Then there was the hard stuff: I, the Jury (1953), a low-budget noir featuring crime novelist Mickey Spillane’s snub-nosed private eye, Mike Hammer (Biff Elliot). Practically forgotten for 70 years, I, the Jury is far from a masterpiece, but is one of the few black and white noirs filmed in 3D, lensed by the master of light and shadow, John Alton. And thanks to advancements in 3D projection, the restoration of I, the Jury probably looks sharper today than in ’53.

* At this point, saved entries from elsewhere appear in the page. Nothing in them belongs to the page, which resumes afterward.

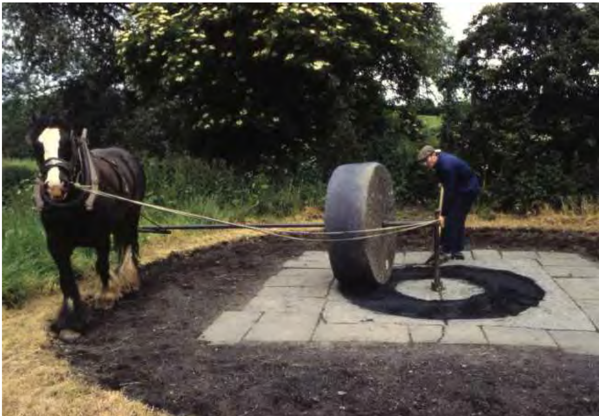
Culm crusher in operation, near Muine Bheag (Bagenalstown), Co. Carlow

One of the many attractive aspects of our built vernacular heritage is the fact that it is strongly local and responds so directly to local climate, topography and environment. Vernacular builders have used locally sourced materials and traditional, local building crafts. Our vernacular buildings, settlements and landscapes are an essential part of the scene – cultural, social, visual and historical. Field boundaries, whether hedgerows, earthen banks, walls or timber fences, may be distinctive of particular regions or districts. A thatched house, a gate made by the local blacksmith, a dugout for a boat at the side of a river, abandoned lazy-beds on a hillside, an old field path, a roadside well, stone walls and old hedgerows, and a great many other structures and features, a forge, a row or urban vernacular houses, all contribute historic quality to their locality and help maintain communal memory. In fact, the vernacular component is frequently the most important contributor to the local scene.
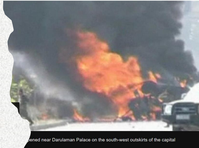
...ened near Darulaman Palace on the south-west outskirts of the capital

...icide bomber has rammed an ...den car into a bus carrying ...f the International Security Assistance ...e Afghan capital, Kabul, killing 17
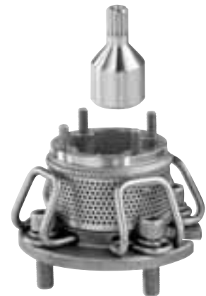
4" SUBMERSIBLE ACCESSORY
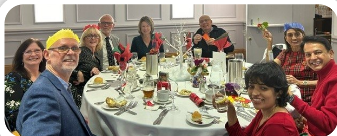
table games and a draw for each of the lovely Christmas table plants.

As always, a Membership table will be ready at the February and March Members Meetings for us to take cheques if this is your preferred option. We do not take cash unfortunately.
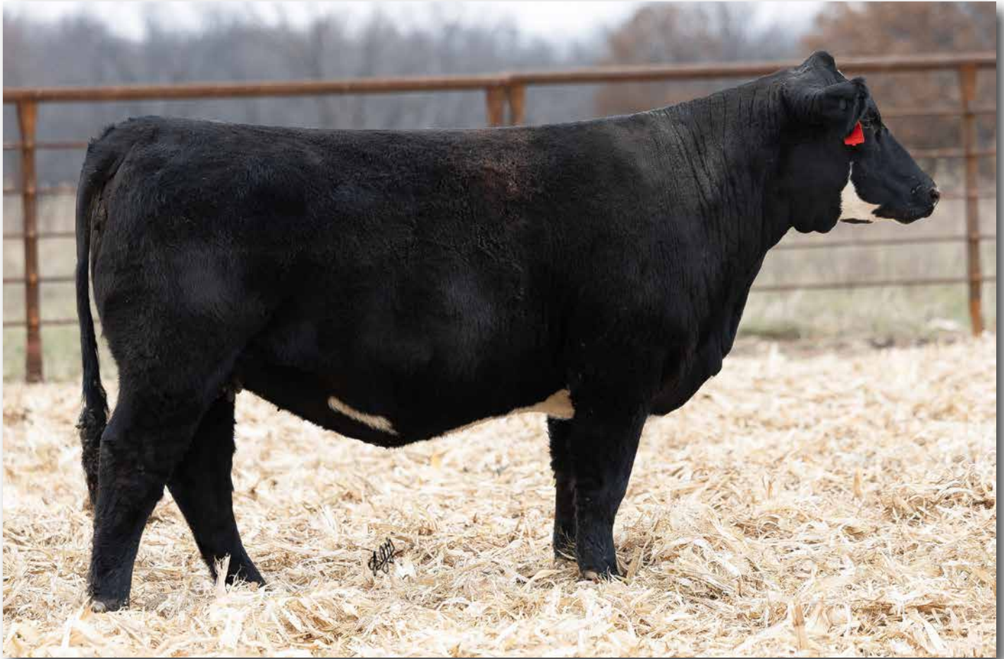
IRON CREEK 38W 26K Sells as Lot 75.
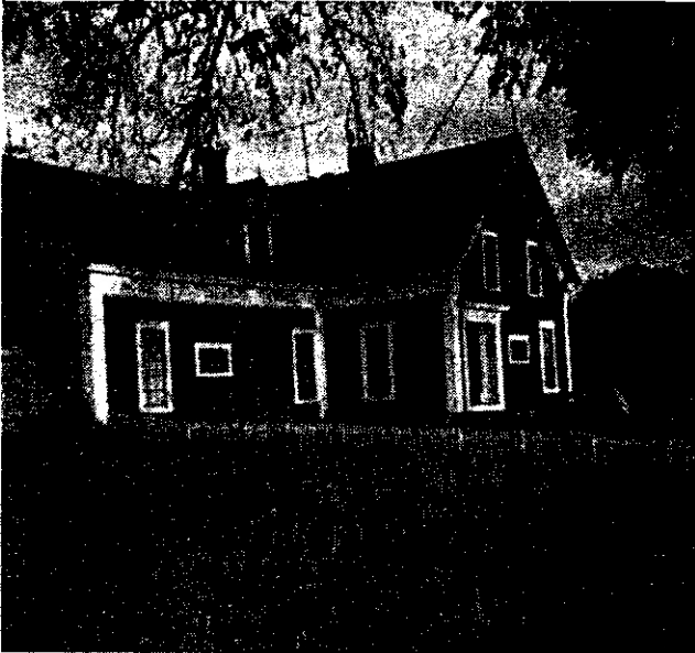
The Stevenson-Dwelle- Hatfield House - Site 25
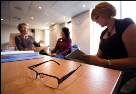
Social Enterprise and Community Working
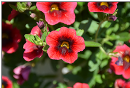
Superbells Pomegranate Punch Calibrachoa flowers
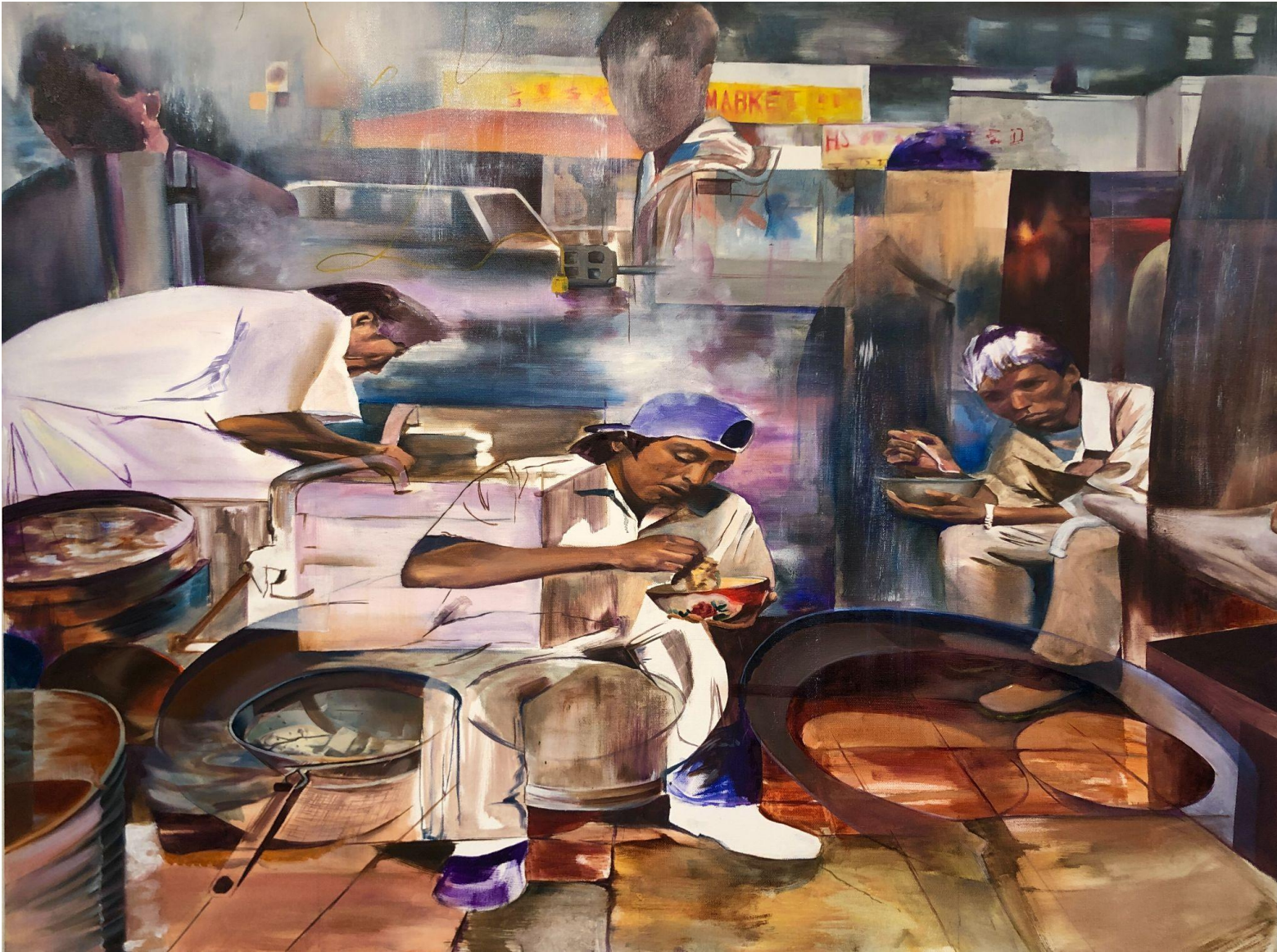
Figure 1: Worker
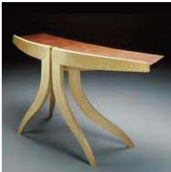
Writing Desk, 1996

Restoration premieres are always plentiful at TCMFF, but this year’s lineup featured an amazing array of the work being done to preserve and restore our cinematic heritage. From a new 4K HDR and audio restoration of the sweeping western epic Giant (1956) to the photochemical restoration of the comical heist film Toptaki (1964). But one of the best discoveries at this year’s festival was also a restoration in progress: 1966’s A Man Called Adam, an under-seen, socially conscious drama about an alcoholic and self-destructive jazz trumpeter played with queasy uncertainty by Sammy Davis Jr. The musical interludes are great—no surprise there—but so is Jack Priestley’s stark cinematography in this unrelenting insiders’ look at the music industry, ruled by marginalization and racism both on stage and off. And if that wasn’t enough, Louis Armstrong plays the premonition of Johnson’s future, should he be so lucky, while his love interest (Cicely Tyson) reflects the coming civil rights movement.

A Man Called Adam is great. They’re all great, each in their own way. Jewel Robbery is for leaving your troubles at the door, while A Man Called Adam reminds you that those troubles are here to stay. Thank god we have the movies. Life would be so much less tolerable without them.